- Interactive map of Chandragudem
- Chandragudem Location in Andhra Pradesh, India
- Country: India
- State: Andhra Pradesh
- District: NTR

Area
- • Total: 15.50 km^{2} (5.98 sq mi)

Population (2019)
- • Total: 7,520
- • Density: 485/km^{2} (1,260/sq mi)

Languages
- • Official: Telugu
- Time zone: UTC+5:30 (IST)
- PIN: 521230
- Vehicle registration: AP–16
- Lok Sabha constituency: Vijayawada
- Vidhan Sabha constituency: Mylavaram

= Chandragudem =

Chandragudem is a village in NTR district of the Indian state of Andhra Pradesh. It is located in Mylavaram mandal of Vijayawada revenue division. It is one of the villages in the mandal to be a part of Andhra Pradesh Capital Region.

==Geography==
Borragudem, Sabjapadu, Jangalapalli, and Kotha Chandragudem are sub-villages of Chandragudem.

==Education==
There are four schools in Chandragudem, three primary and one primary and secondary.
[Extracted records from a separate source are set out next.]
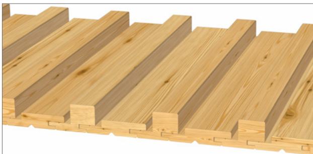
Gestaltungsvorschlag 3: 1x 21x96 mm, 1x 40x68 mm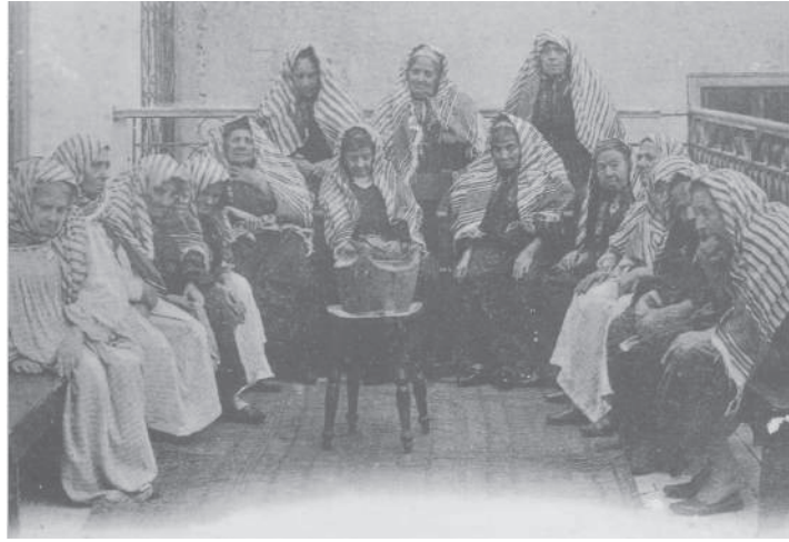
בית אבות יהודי לזקנים ולנכים, תוניס, בערך 1900

אחיד בכל קבוצות האוכלוסייה. בקרב הצרפתים היה הריבוי הטבעי קטן, כמקובל בחברות מודרניות; בשאר הקבוצות הוא היה גדול יותר.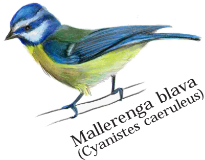
Mallerenga blava (Cyanistes caeruleus)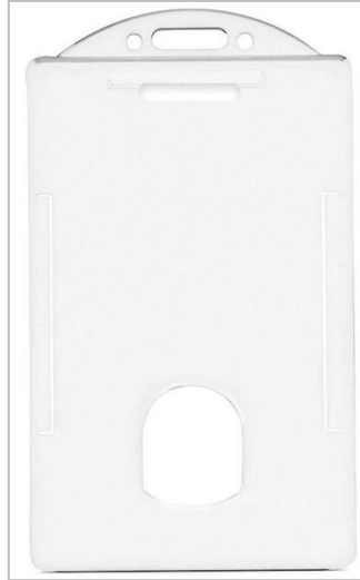
Ilustración 3. Imagen ilustrativa

ZPS and ZPHS School is an upper primary, secondary and upper secondary government school, founded in 1984. MPPS School in Borragudem is a governmental primary school, run at the mandal level and was established in 1970. MPPS School in Chandragudem is a government primary school, run at the mandal level and was established in 1967. RCM School is a private primary school that receives government assistance and was established in the year 1939. Sarada UPS School is a private primary and upper primary school that receives no governmental assistance and was founded in 2002.

==Politics==
- The politics in Chandragudem village are highly influenced by the telugu Desam party ).